So I'm gonna let Shane also jump into the evidence here a little bit because we performed what I consider to be a really remarkable PMA IDE trial with FDA to get us to a point of being very close to approval. And and many times these trials certainly go according to plan. And in this particular case, we're we're thrilled by not just the way that the trial was was done, but the enthusiasm of the operators that are looking forward to to a better implant. So, Shane, would you mind just kinda walking through the the high level and and the results here? That'd be great.

Shane Gleason, Chief Commercial Officer, InspireMD: Happy to. So the CGuardian study is a is a carotid stenting trial performed with our CGuard stent. Fairly traditional in terms of the design of a carotid stenting trial, which makes it really easy to have an apples and apples comparison when we get to the next slide. 316 patients, 24 centers, the majority of them in The US. We had co principal investigators, doctor Metzger, in The US and professor Musialik from Poland, Two extremely, well regarded, highly experienced carotid interventionalists.

And when you perform these trials, you're treating high surgical risk patients, both symptomatic and asymptomatic patients, who are either at risk of stroke or have had a stroke due to their carotid disease. So if we go to the next slide, you can see what the results look like. And without getting into too much detail on the left, I'll just say that on the right, these are the approval trials. These are the pivotal trials for, all other carotid intervention tools in the market, all other carotid stenting trials. And you see two things, one is a bit of a general downward trend, but you see the majority of those event rates, those thirty day event rates, hovering around that five percent mark.

Until more recently, Silk Road had a three and a half, and then you see us with less than one percent, really a different kind of number. What we're measuring here, on this slide and the next, the standard endpoints for crowded intervention trials are through thirty days, a combination of death, stroke and MI, myocardial infarction heart attack.
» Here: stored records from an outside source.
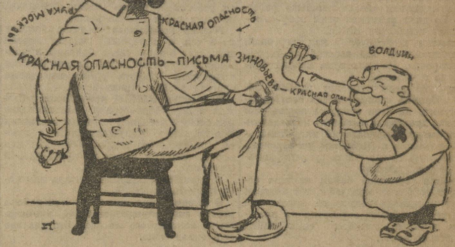
АНГ. РАБОЧИЙ: Ну, а как насчет безработицы!

В связи с предстоящими выборами комсерваторы вынашивали старые лозунги о «красной опасности» и т. п. (Из газет).
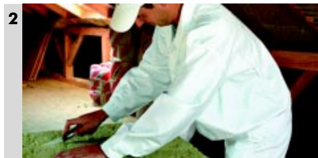
2 Przycinanie do wymiarów termoizolacyjnych płyt z wełny kamiennej Paroc.
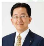
岩手県知事 達増拓也
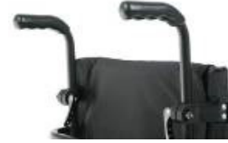
XFF 030204 Empuñaduras ajustables en altura
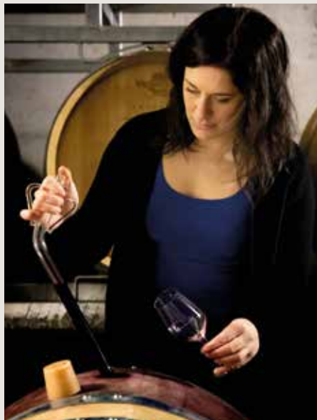
Dégustation en cave

Reprendre un domaine familial aujourd'hui, c'est donc à la fois un choix de cœur et un engagement pour l'avenir: celui de faire vivre un métier exigeant, profondément lié à notre terre, et de transmettre à notre tour ce patrimoine aux générations futures.

So, and then we go through one year looking at strokes that occur on the same side, ipsilateral stroke. And again, we see a number that's lower than any any of the other previous trials. And I think that's one of the exciting parts of it.

But the other exciting part is the consistency with all of our prior data. Marvin mentioned earlier that we have over 2,000 patients that have been studied and presented. Here on the last slide, we mentioned over 1,300 patients, that are in the published peer reviewed literature out through thirty days. And here on this one, over 1,100 of those patients are in published peer reviewed literature out through one year, and we see remarkable consistency between our pivotal trial results and all of the previously published real world data. And when we talk to physicians, this is something that really gets their attention even more so than just our pivotal trial in isolation.
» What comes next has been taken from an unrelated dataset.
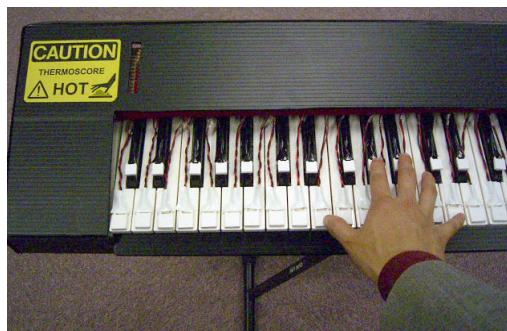
図5：ペルチェ素子を配置した鍵盤

各鍵盤には、下図のようにペルチェ素子を配置している。これは片側の面から反対側の面へと熱を移動させる素子で、極性を反転させることにより加熱・冷却が切り替えられる。システムは MIDI 情報を受信し、それに応じて鍵盤の温度を変化させることができる。
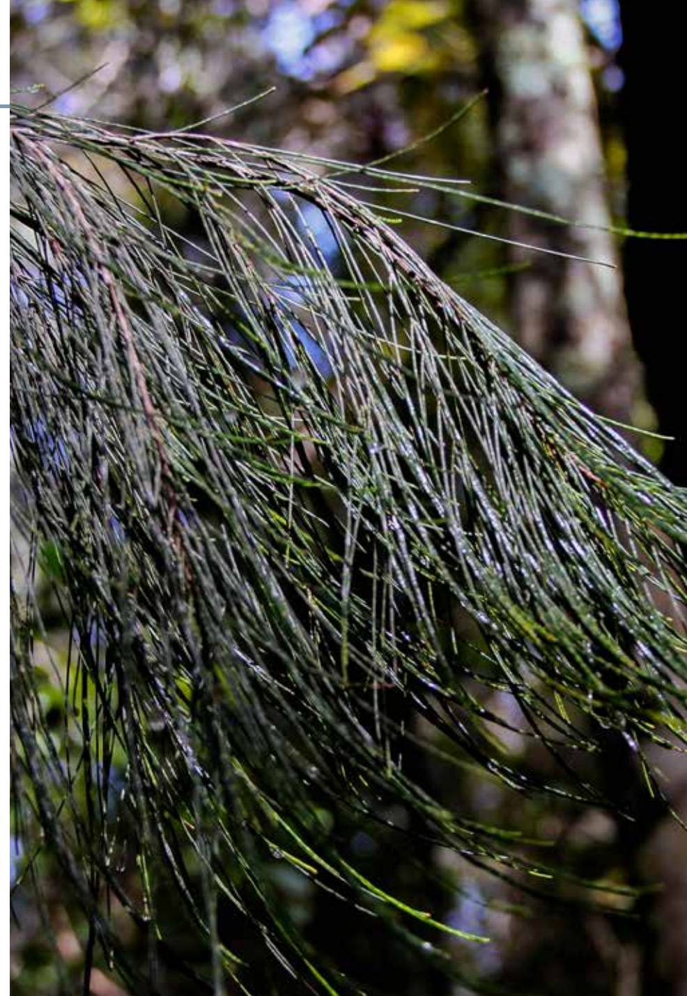
Casuarina equisetifolia J.R. Forst. & G. Forst

Información química y farmacológica: La planta contiene casuarina un alcaloide de naturaleza pirrilizodínica [50], varios compuestos polifenólicos como: catequina, ácido elágico, ácido gálico, quercetina y lupeol [51], otro estudio destaca la presencia de apigenina, esperitina, naringenina y ácido clorogénico [52] y aceites esenciales ricos en pentadecanal y 1-8 cineol [53]. En lo que se refiere a su actividad farmacológica se identifican propiedades anticancerígenas [54], antioxidante [52] y antimicrobianas [55].

Because I think there's the perspective of, well, if you did a pivotal trial and carefully controlled it and wrapped it in bubble wrap and, made sure to highly select your patients, you may be able to get good outcomes, but what happens when that product is released into the wild and is actually used in in real world use? Conversely, if you just have real world use, then there's a question of, well, does it have the rigor, the core lab, the independent independent adjudication that you would get from a from a FDA trial? So the combination of those two, all of our prior, published data along with our now FDA trial here, the the consistency of the two is what really, stands out to, the physician operators that we speak with. Yeah. So this slide that mar

Martin Slossman, CEO, InspireMD: No. Go ahead. Go ahead, Shane.

Shane Gleason, Chief Commercial Officer, InspireMD: So this slide that Marvin that Marvin moved to is, some more data. And again, a lot of numbers on here, I'll speak at a high level. But the authors of this Carmen meta analysis, they took at the time all of what they found to be the credible published papers in carotid intervention, carotid stenting. They found a 12 papers that included over sixty eight thousand patients, it's around sixty eight thousand four hundred patients of all stent types, and they did a meta analysis. And the columns on here, first thing they did was they compared first generation stents, the ones that were launched back in the February, with second generation stents, the three, dual layer stents that have been studied since then, and those are are called out on the right here.
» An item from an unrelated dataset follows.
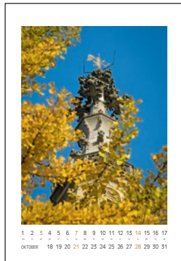
Turmspitze der Frauenkirche
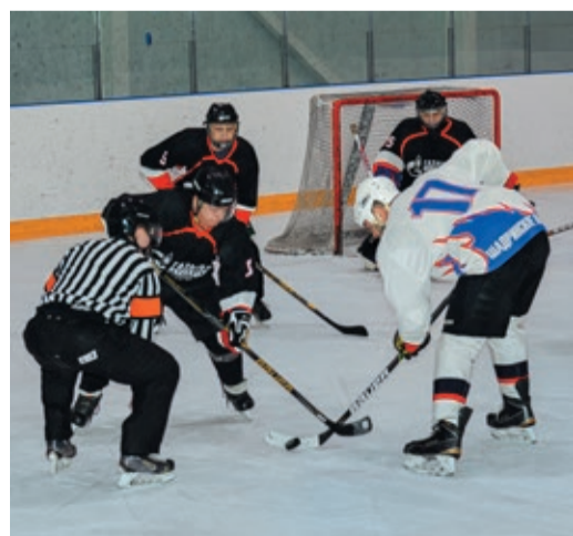
В Шадринске команды скрестили клюшки на крытой арене

Алексей ЗАЙЦЕВ Фото предоставлены филиалами

Their first conclusion was that second generation stents or s g s on this slide performed better than first generation stents. Their second conclusion was that's true, but there's not a class effect. Not all second generation stents are created equal. And the the second from the right is a product that's not marketed, hasn't been launched anywhere in the world. And, from my understanding, we don't expect to see that.

You can see the the results were similar to those of first generation stents anyways. But when you get to, CGuard, our product in green, and the one two over to the left, you'll see, two two layer stents, dual air stents that both have similarly positive results at thirty days, low event rates. They're both dual air stents with good scaffolding, so it makes sense that they would do a good job of preventing, strokes and events in the short term. But when you look out to the one year end point and you look at the the bottom row, you can see a point seven three percent number for CGuard and a seven point eight six, an eight percent number, you know, 10 times the rate of twelve month events with the other one. And there are important differences in design that have that make a lot of sense.

But really the the comments from the authors that second second generation stents perform better than first, there are important differences, and the construction of CGuard results in both great short and long term outcomes.

Martin Slossman, CEO, InspireMD: Thanks, Shane. So I I think, again, the the thing that we're most proud of is is the consistency and durability of the data when it comes to how many of our stents we've sold and put in patients. We've actually studied our stent out to five years, with remarkably consistent results. This obviously forms the foundation of of our our go to market plan and and gets the attention of, of the operators and, obviously, will be an important discussion that they have with patients. Remember, up to this point, there's been a a limited opportunity for physicians to discuss with patients.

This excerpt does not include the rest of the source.